Over the past few weeks and months, the country has seen positive headlines for large deals, venture fundraising and corporate innovation initiatives.

There seems to be a moot point about how much the macro political and economic environment should or could impact the innovation capital ecosystem. Judging by resilient venture capital funding levels in places such as Brazil it would appear to be relatively little.

While Russia’s venture capital market has fallen sharply in the face of headwinds after the fall in the oil price and economic sanctions, Brazil has been more resilient in entrepreneurial finance.

Brazil has the eighth-largest economy in the world by projected gross domestic product and is the biggest in Latin America. But it has the slowest growth rate on the continent apart from Venezuela, and this past month Brazil’s President Michel Temer was indicted for corruption only a year after the impeachment of his predecessor Dilma Rousseff.

Over the past few weeks and months, however, the country has seen positive headlines for large deals, venture fundraising and corporate innovation initiatives.
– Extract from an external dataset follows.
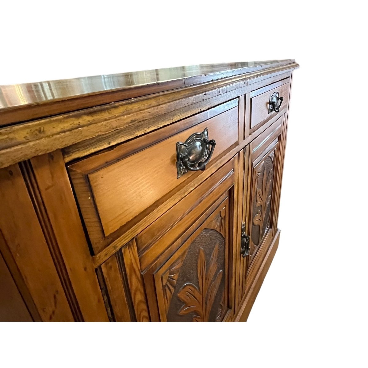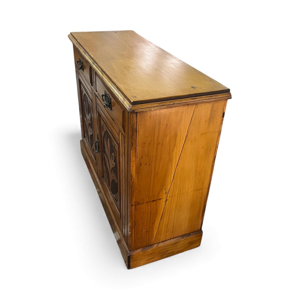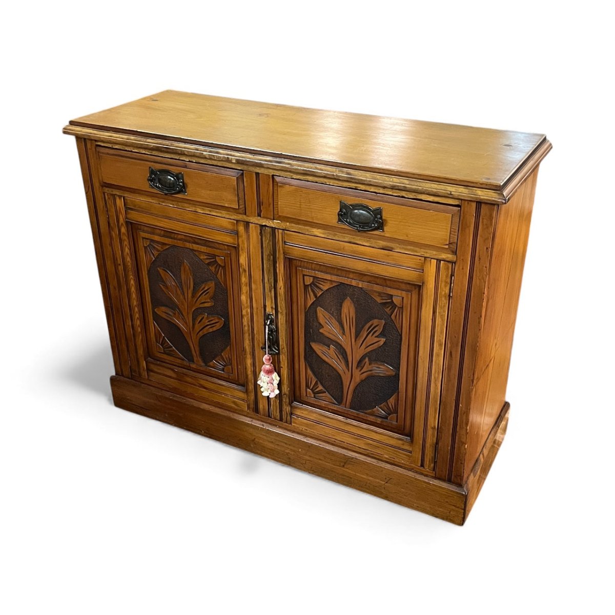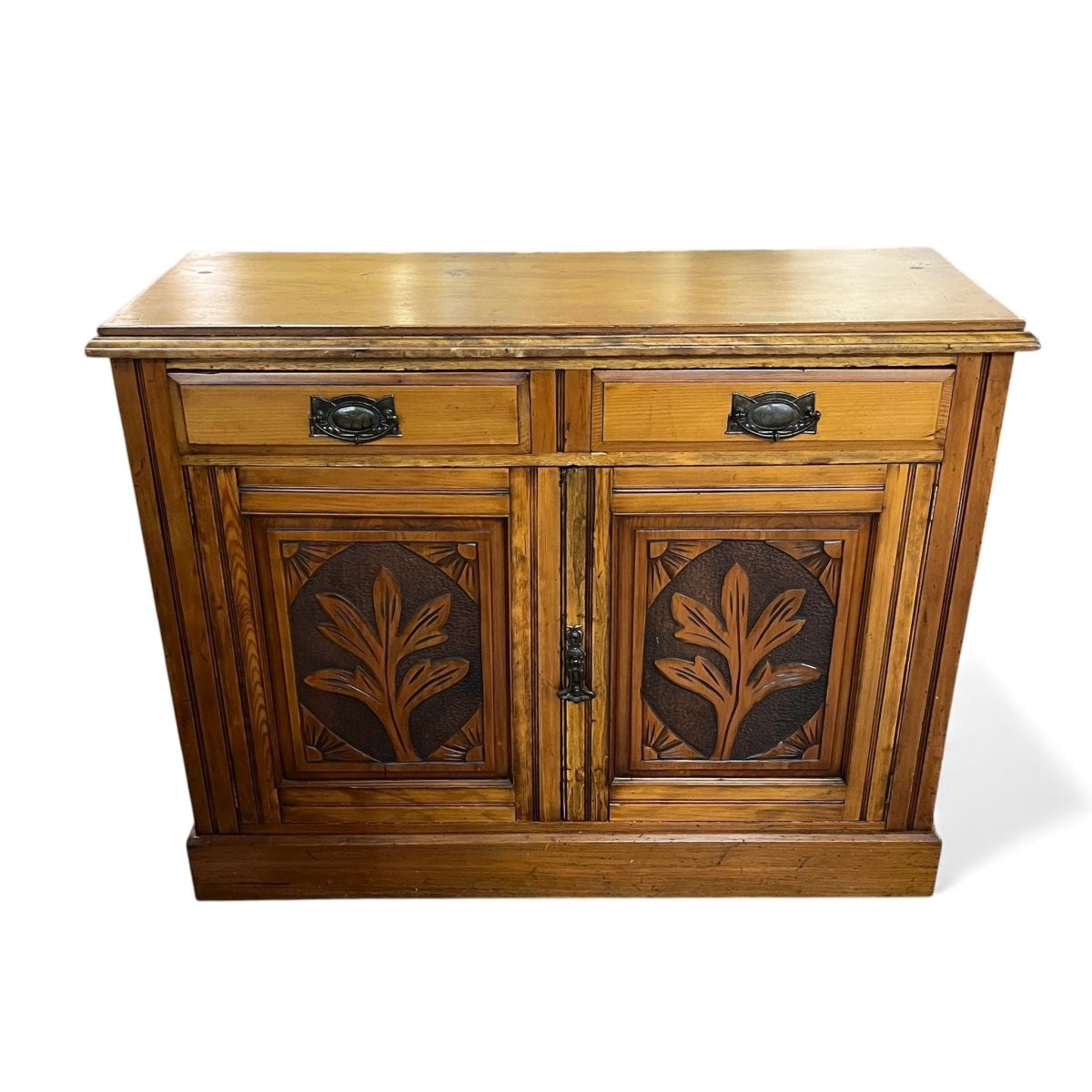 Antique pine carved side cabinet Victorian 2 drawer 2 door 1900's ENGLAND. Solid Pine. 2 drawer and 2 door side cabinet. Dovetail joinery. Cast steel pull handles. Carved door panels. Leaf motif, likely oak. Rectangular with platform base. Freestanding. Honey. Stained finish. Lockable (comes with original key). Made in England in the late 1900s. Sourced within the Mornington Peninsula.

At the end of May, Japan-based telecoms and internet group SoftBank invested $100m in Brazil-based on-demand ride-ordering platform 99.

Founded in 2012, 99 has built an app-based ride-hailing service spanning both registered taxi drivers and peer-to-peer lift-sharing that operates in approximately 400 Brazilian cities. It has more than 14 million registered users and more than 200,000 drivers in its network.

The investment represents an extension of the $100m-plus round that 99 closed in January this year, which was led by China-based ride-hailing company Didi Chuxing and backed by growth equity firm Riverwood Capital.

Mobile chipmaker Qualcomm and venture capital firm Monashees invested an undisclosed sum in 99, then known as 99Taxi, in 2013, before 99 raised $25m from Qualcomm’s corporate venturing arm Qualcomm Ventures, Monashees and Tiger Global Management two years later.

Brazil-based mobile commerce platform Movile last month revealed $53m in funding from South Africa-based e-commerce and media group Naspers and investment fund Innova Capital.

Fabricio Bloisi, chief executive of Movile and a keynote speaker at a previous Corporate Venture in Brasil conference, said: “Movile is in a strong position to use this new investment to realise our dream of impacting 1 billion people through our products and services.”

In fact, Movile is one of Latin America’s most active corporate venturers.

The ambition of the entrepreneurs to tackle large markets is impressive, but builds on decades of prominent examples. Marco Stefanini, founder and CEO of Brazil-based software and services company Stefanini, in an introduction to a panel at the Global Corporate Venturing Symposium 2017 in London, explained how the company had developed a “strong innovation ecosystem” covering some of its 650 corporate customers and business partners, state agencies and universities as well as startups and VC funds and accelerators.

He said: “Stefanini’s consistent growth history has been based both on organic expansion as well as intense M&A.”

Stefanini developed its Open Startups initiative as a strategic partnership program with startups that have reached commercialisation stage “and that have created disruptive products and technologies synergistic with Stefanini’s offerings”.

Working with these startups allowed Stefanini to broaden its offer, create dealflow for M&A with less risk and greater strategic fit and “refreshes Stefanini’s culture with a startup way of doing things”. Stefanini acquired 10 companies this way.

He said lessons learned included developing a more flexible M&A strategy covering majority and minority positions while being ready to integrate fast and deciding when to kill or preserve a startup’s culture. He added it was important to understand the benefits and drawbacks of the different venture models.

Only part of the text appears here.